"""

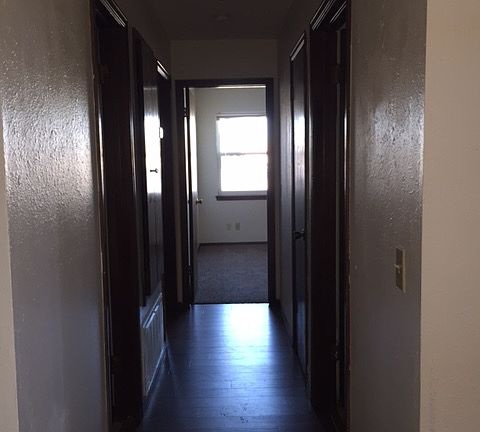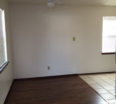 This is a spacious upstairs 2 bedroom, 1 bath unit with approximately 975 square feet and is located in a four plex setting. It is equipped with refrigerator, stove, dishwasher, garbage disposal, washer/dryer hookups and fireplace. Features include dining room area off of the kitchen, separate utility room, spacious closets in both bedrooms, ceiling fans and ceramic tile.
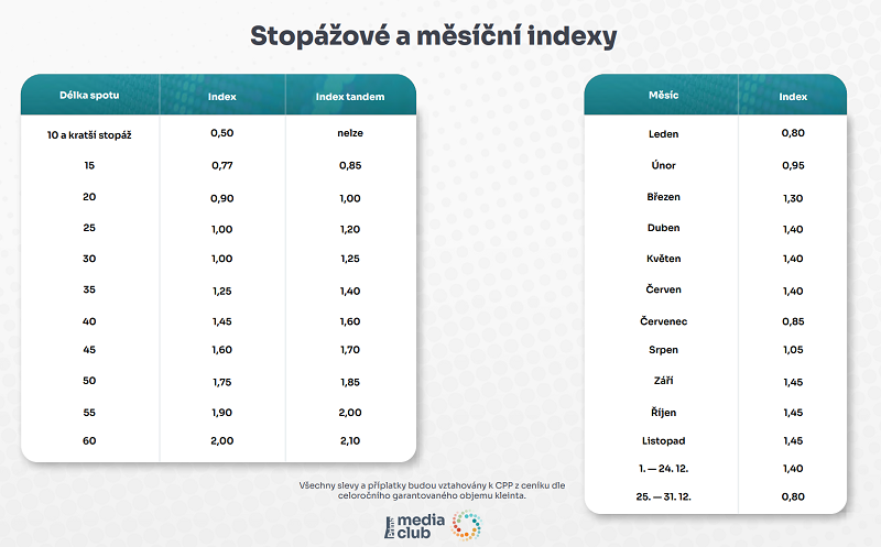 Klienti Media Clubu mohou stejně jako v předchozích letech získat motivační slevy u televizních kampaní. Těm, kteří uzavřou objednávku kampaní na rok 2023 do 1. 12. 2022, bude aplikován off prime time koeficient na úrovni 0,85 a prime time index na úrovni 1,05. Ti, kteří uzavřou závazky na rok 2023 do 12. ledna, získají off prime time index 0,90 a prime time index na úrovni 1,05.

"""
"""

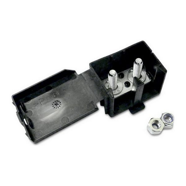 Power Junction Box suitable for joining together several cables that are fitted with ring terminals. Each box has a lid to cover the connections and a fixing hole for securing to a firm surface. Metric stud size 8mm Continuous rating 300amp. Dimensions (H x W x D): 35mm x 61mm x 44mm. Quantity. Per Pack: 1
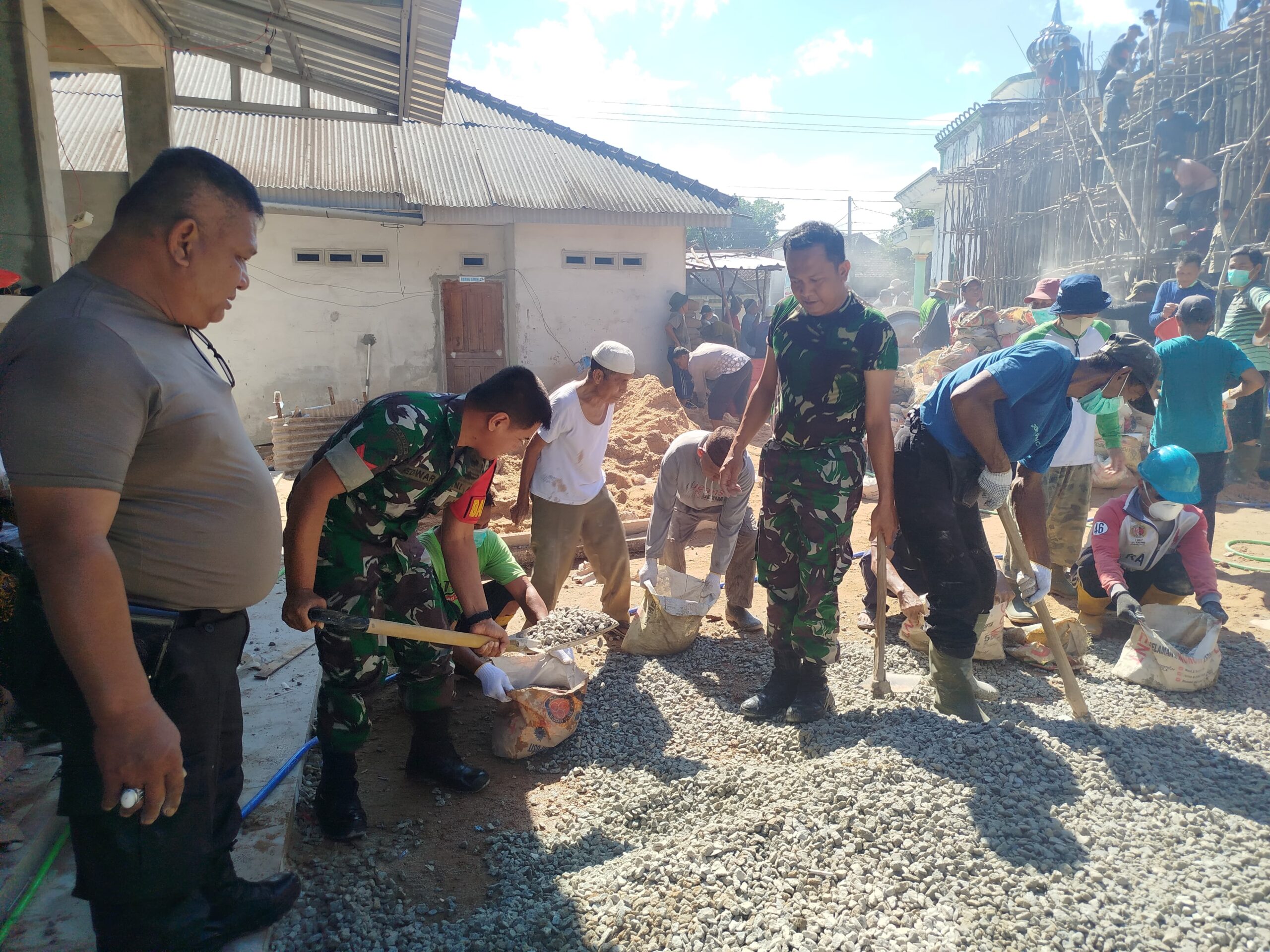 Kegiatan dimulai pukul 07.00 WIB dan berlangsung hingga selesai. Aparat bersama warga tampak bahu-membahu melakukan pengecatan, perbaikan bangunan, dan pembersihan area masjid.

"""
"""

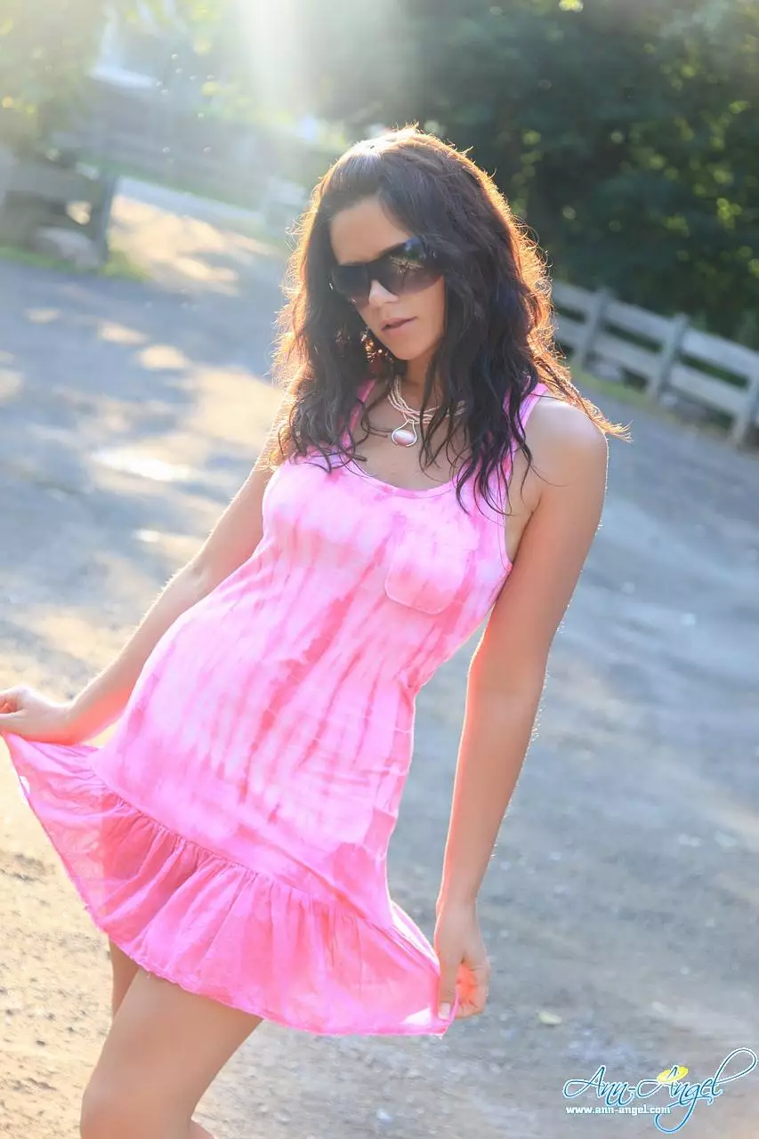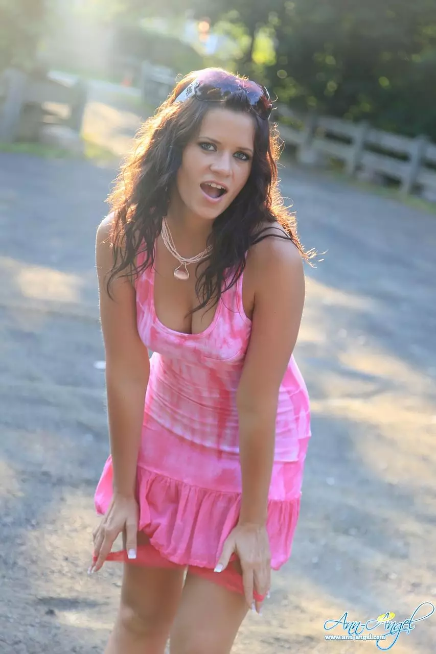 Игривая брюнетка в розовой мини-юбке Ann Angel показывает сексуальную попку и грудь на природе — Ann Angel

"""

BRIEF. Using the records above, print exactly the run of lines that starts with the line with "Power Junction Box" and goes on through the line with "Kegiatan dimulai pukul", pictures excluded.

YOUR RESPONSE.
 Power Junction Box suitable for joining together several cables that are fitted with ring terminals. Each box has a lid to cover the connections and a fixing hole for securing to a firm surface. Metric stud size 8mm Continuous rating 300amp. Dimensions (H x W x D): 35mm x 61mm x 44mm. Quantity. Per Pack: 1
 Kegiatan dimulai pukul 07.00 WIB dan berlangsung hingga selesai. Aparat bersama warga tampak bahu-membahu melakukan pengecatan, perbaikan bangunan, dan pembersihan area masjid.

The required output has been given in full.